On marked contrast, subcutaneous administration of the non-selective opioid receptor antagonist naltrexone did not prevent the antihyperalagesic effect induced by the acute administration of 7-hydroxy-3,4-dihydrocadalin. This result indicates that opioid receptors do not play a role in the antihyperalgesic effect of 7-hydroxy-3,4-dihydrocadalin in streptozotocin-induced diabetic rats of 3 weeks. The lack of effect of naltrexone is not due to the dose used in this work, since this dose has been reported to be effective in previous studies in diabetic rats with similar characteristics [30, 54]. Taken together, results suggest that 7-hydroxy-3,4-dihydrocadalin exerts its antihyperalgesic affect through activation of 5-HT1 receptors and guanylyl cyclase enzyme, but not opioid receptors.
Additionally to the described mechanisms, 7-hydroxy-3,4-dihydrocadalin decreased the malondialdehyde concentration in diabetic rats to baseline values in non-diabetic rats. Our data agree with evidence demonstrating a potent scavenging activity of 7-hydroxy-3,4-dihydrocadalin on diphenyl-p-picrylhydrazyl radical or microsomal and mitocondrial lipid peroxidation [19–21]. Furthermore, 7-hydroxy-3,4-dihydrocadalin has shown to be effective to protect red cells against oxidative haemolysis  or mitochondrial enzyme activity against oxidative stress . Antioxidant activity of 7-hydroxy-3,4-dihydrocadalin results of interest as pathogenesis of diabetic neuropathy is related with metabolic changes in several pathways that interact in a mutually facilitatory fashion to cause an imbalance in the mitochondrial redox state and an increment in the expression of pro-inflammatory genes producing neuronal hypersensitivity [3, 5]. Remarkably, 7-hydroxy-3,4-dihydrocadalin has also demonstrated anti-inflammatory properties on the croton oil-induced edema test in mouse ear  and carrageenan-induced paw edema model . Speculating, 7-hydroxy-3,4-dihydrocadalin could be useful to treat the diabetic neuropathy in a more integrative manner as it combines antineuropathic, antioxidant and possibly anti-inflammatory properties.
Although pregabalin is clinically considered as the gold standard for the treatment of painful diabetic neuropathy in human beings , its use is limited due to side effects such as sedation, dizziness and somnolence that affects motor coordination [56, 57]. For this reason, equi-effective doses of 7-hydroxy-3,4-dihydrocadalin and pregabalin were compared in the rota-rod test.

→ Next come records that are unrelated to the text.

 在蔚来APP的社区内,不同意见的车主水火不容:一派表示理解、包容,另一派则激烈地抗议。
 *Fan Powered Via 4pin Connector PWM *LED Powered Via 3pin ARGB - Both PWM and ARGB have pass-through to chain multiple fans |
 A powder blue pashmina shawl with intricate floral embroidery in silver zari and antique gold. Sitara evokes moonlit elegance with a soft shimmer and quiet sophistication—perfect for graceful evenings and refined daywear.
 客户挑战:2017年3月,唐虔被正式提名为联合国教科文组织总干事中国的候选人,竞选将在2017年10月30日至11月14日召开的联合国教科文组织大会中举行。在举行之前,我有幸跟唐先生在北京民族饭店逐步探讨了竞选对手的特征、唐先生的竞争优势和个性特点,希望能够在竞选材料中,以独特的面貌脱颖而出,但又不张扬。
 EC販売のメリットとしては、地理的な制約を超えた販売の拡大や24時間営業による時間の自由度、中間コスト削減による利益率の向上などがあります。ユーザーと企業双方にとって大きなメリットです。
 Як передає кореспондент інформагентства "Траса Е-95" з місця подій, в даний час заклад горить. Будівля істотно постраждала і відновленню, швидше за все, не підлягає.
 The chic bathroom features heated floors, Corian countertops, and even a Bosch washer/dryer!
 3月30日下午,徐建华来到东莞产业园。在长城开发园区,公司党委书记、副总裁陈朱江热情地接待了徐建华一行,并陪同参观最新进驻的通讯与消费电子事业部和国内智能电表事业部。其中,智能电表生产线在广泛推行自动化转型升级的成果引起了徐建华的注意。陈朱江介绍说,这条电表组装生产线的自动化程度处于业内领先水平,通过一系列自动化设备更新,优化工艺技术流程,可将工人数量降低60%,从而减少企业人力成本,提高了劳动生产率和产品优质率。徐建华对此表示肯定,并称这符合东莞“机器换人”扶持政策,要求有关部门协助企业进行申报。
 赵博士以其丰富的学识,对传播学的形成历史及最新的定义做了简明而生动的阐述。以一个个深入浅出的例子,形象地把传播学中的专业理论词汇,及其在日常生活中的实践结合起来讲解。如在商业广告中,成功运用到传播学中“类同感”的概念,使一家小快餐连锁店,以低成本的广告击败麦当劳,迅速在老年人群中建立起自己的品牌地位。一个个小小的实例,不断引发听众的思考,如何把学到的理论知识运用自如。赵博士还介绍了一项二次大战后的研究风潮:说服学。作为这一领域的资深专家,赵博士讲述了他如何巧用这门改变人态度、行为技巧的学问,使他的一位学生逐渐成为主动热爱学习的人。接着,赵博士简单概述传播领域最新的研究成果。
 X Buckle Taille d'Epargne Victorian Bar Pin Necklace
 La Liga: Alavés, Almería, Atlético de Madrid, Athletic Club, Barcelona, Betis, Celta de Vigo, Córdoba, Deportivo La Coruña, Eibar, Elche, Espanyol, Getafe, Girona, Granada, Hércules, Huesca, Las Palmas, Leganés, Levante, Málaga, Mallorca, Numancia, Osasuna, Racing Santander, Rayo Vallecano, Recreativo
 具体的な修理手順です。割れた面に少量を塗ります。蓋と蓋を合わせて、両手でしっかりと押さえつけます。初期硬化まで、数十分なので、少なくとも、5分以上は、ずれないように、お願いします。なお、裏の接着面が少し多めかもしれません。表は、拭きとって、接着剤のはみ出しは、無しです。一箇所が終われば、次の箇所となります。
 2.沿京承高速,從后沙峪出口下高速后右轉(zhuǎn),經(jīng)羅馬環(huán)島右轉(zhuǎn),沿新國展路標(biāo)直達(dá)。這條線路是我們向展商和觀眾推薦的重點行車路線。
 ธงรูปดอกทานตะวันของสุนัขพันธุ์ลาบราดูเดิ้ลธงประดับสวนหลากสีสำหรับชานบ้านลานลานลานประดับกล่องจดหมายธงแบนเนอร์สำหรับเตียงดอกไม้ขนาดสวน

Interestingly, pregabalin, but not 7-hydroxy-3,4-dihydrocadalin, affected motor coordination in diabetic rats. Our results seem to point out that notwithstanding the similar antineuropathic activity between both drugs, 7-hydroxy-3,4-dihydrocadalin might present an advantage on pregabalin in the diabetic neuropathy treatment since 7-hydroxy-3,4-dihydrocadalin did not produce motor side-effects. However, further studies are necessary to assess the safety of oral acute and chronic administration of 7-hydroxy-3,4-dihydrocadalin. In addition, a clinical study of efficacy and safety study in patients with painful diabetic neuropathy is required to evaluate the real therapeutic potential of this compound in the diabetic neuropathy.